I was going to stay the same thing. That’s what post #4 was going to be, but I didn’t want to be that guy that says everything is photoshopped.

I think it’s worth keeping in mind that the economic incentives for producing stuff like this are different in other countries. In the US, the best a fake news story could hope to be would be a briefly viral YouTube video, so nobody really has any good reason to produce realistic fake stuff like this.

But in other places, news stations will pay good money for airable sensationalist footage, without worrying too much about veracity as much as how well it makes for good TV. There are a lot of incentives to produce convincing fake news. There are often fake “outrage” news stories- such as the now pretty much debunked story that street vendors were stuffing dumplings with cardboard processed to resemble pork.

If this were the US, I’d ask “why the heck would anyone fake something like that,” but in China, not so much.

You haven’t considered the most likely possibility—he has heard this told to him as true (news) but in fact it is a folk narrative (legend) or rumour and is not true. In other words, he believes it, but he’s wrong.

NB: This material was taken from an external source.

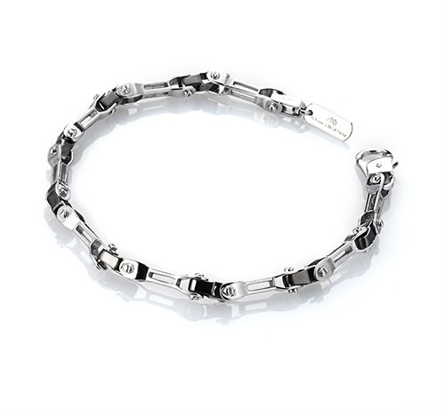 Bracciale da uomo in argento 925/000 composto da un cavetto in argento brunito ritorto con elementi centrali smaltati a fuoco. La chiusura e’ un moschettone in argento.

I don’t think this is fake, but I don’t think it condemns Chinese society as a whole.

But I don’t get these two sentences.

What do you mean the toddler was fine but for the running over? Did you not see the footage of her in the hospitable? Did you not see her unable to sit up when someone tried to sit her up and pull her out of the road?
I know that Mandarin and Cantonese are the two main versions of the Chinese language. (Don’t get into the fine distinctions of this) are you saying that Cantonese are all a bunch of liars and we should take your word on that?

Looks fake to me.

While much of the detail is always blurry, the area around the “kid” at the point of impact gets really fuzzy and the “body” does not appear to move the way that I would expect a real body to react to being hit. (I have hit deer and seen others hit deer and the motion of the “kid” does not look right.) Then, when the truck moves on after stopping, the “body” is thrust back by the rear wheels in a way that might be possible, but is not plausible.